The father-of-three does not want to relive those days. He decries a culture of impunity among politicians, many of whom have been tarnished by corruption scandals that emerge regularly with no lasting consequences.
He once sold secondhand books on the street before turning to photography after someone gave him a biography of the Kenyan photojournalist Mo Amin, whose images of the Ethiopian famine in 1984 helped spur the global awakening that led to Live Aid.
Mwangi worked for local newspapers and won several awards, including CNN Africa photojournalist of the year in 2008 and 2010. He also founded Picha Mtaani, an organisation that focuses on reconciliation through photography and debate, and recently set up Pawa254 , a hub for young creative Kenyans that will shortly launch a Kickstarter or crowdfunding campaign.
He says the toilet mural will probably be the last in the centre of Nairobi – there aren’t enough blank walls – but his wider action plan includes screening documentaries urging reconciliation and hosting youth forums to try to engage people in politics. “We are trying to encourage men and women of integrity to vie for elective office because if they don’t, you’ll just find vultures on the ballot … If they don’t, we are doomed.” His biggest fear is that people won’t pay attention. “I’ll be so disappointed because I’m not sleeping, I’m here at night. If we do all this and we don’t get the ballot revolution, it will be an … anti-climax.”

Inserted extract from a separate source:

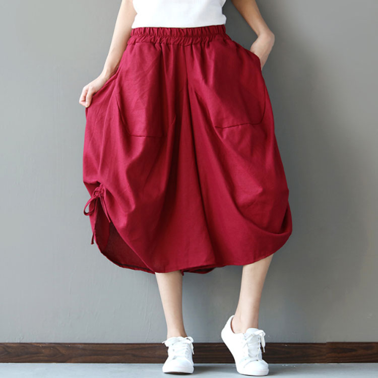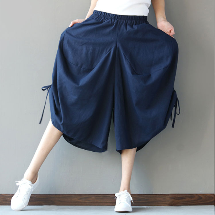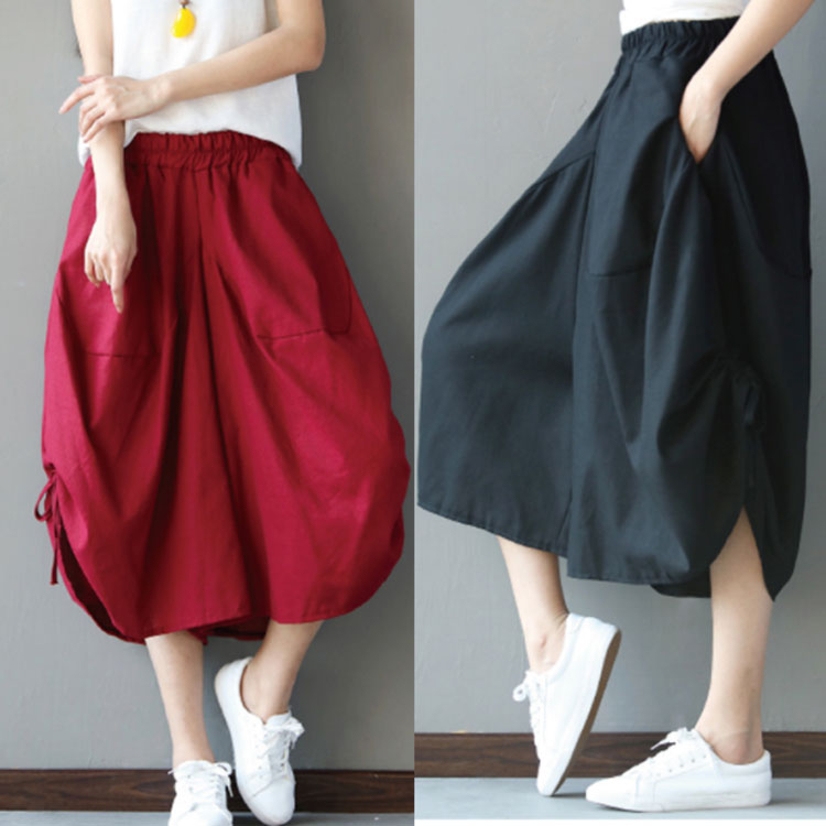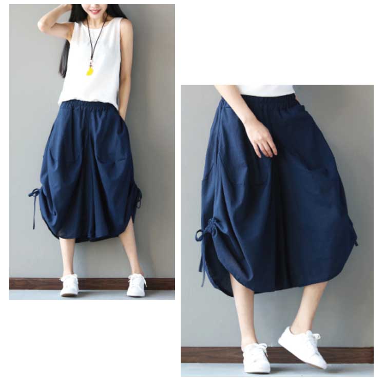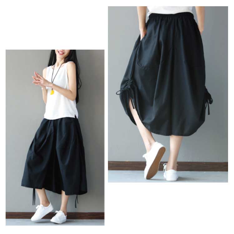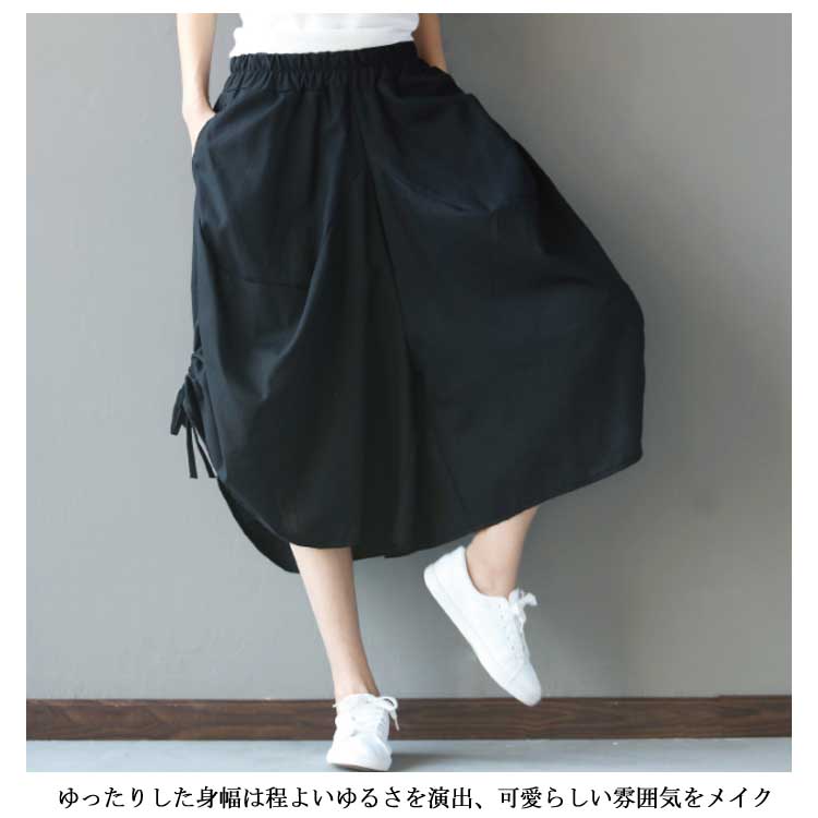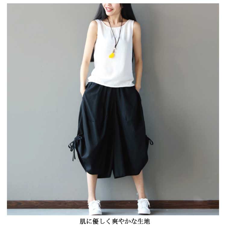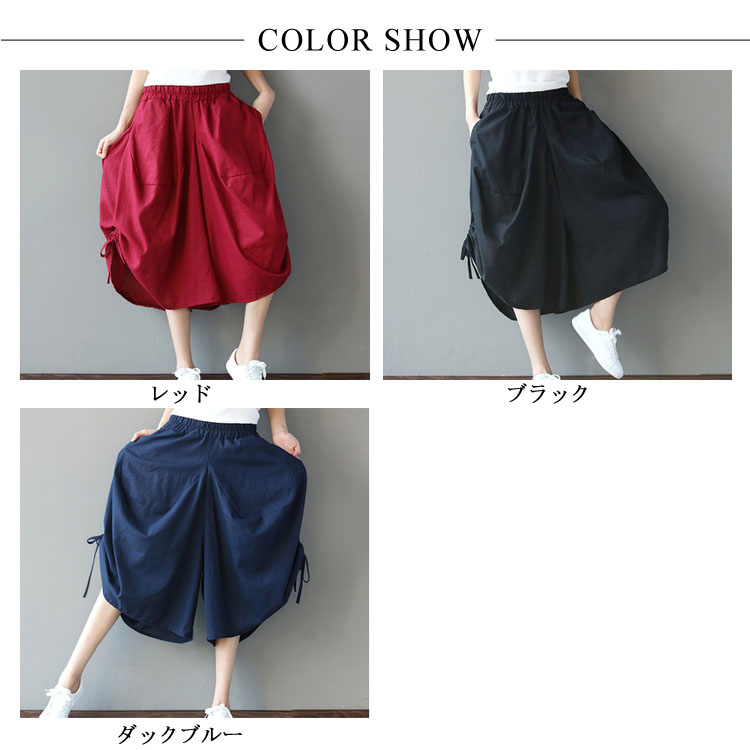 送料無料 ガウチョパンツ レディース ワイドパンツ フレアパンツ 七分丈パンツ ゆるパンツ 無地パンツ ポケット付き ボタン付き ハイウエスト ゴム入り ゆったり リラックス カジュアル キレイめ お洒落 体型カバー 着痩せ ボトムス 春物 夏物 夏新作

President Mwai Kibaki, whose disputed victory in 2007 brought Kenya to the brink of disaster, cannot stand again. The prime minister, Raila Odinga, who lost to Kibaki and is from a different tribe, is expected to run. The other declared candidates include Uhuru Kenyatta, deputy prime minister and son of founding father Jomo Kenyatta, and William Ruto. These last two are among four men due to stand trial at the international criminal court for instigating the post-election violence.
Mwangi’s team painted their first political mural on the night of 28 February near the city market. It shows an MP as a vulture, sitting on a chair, his feet grinding into a women’s head. “MPs screwing Kenyans since 1963,” reads a footnote. The MP is saying: “I am a tribal leader … I steal their taxes, grab land but the idiots will still vote for me.”
“I just wish they could do it all over town and in every constituency,” said Kevin Wambua, a 23-year-old student. “It’s telling the truth about how we have been taken for a ride by leaders,” said businesswoman Esther Kiratu.
According to Mwangi, there are many animals used by Kenyans to describe their politicians, but his team chose the vulture “because the vulture feeds on the weak, the dead. It’s a scavenger.”
This time, the writing on the wall was destined to be short-lived. Just hours after the team finished painting the public toilets, city council workers turned up and covered the mural with blue paint. Mwangi remains defiant: “We will go back and paint it again. We won’t give up.”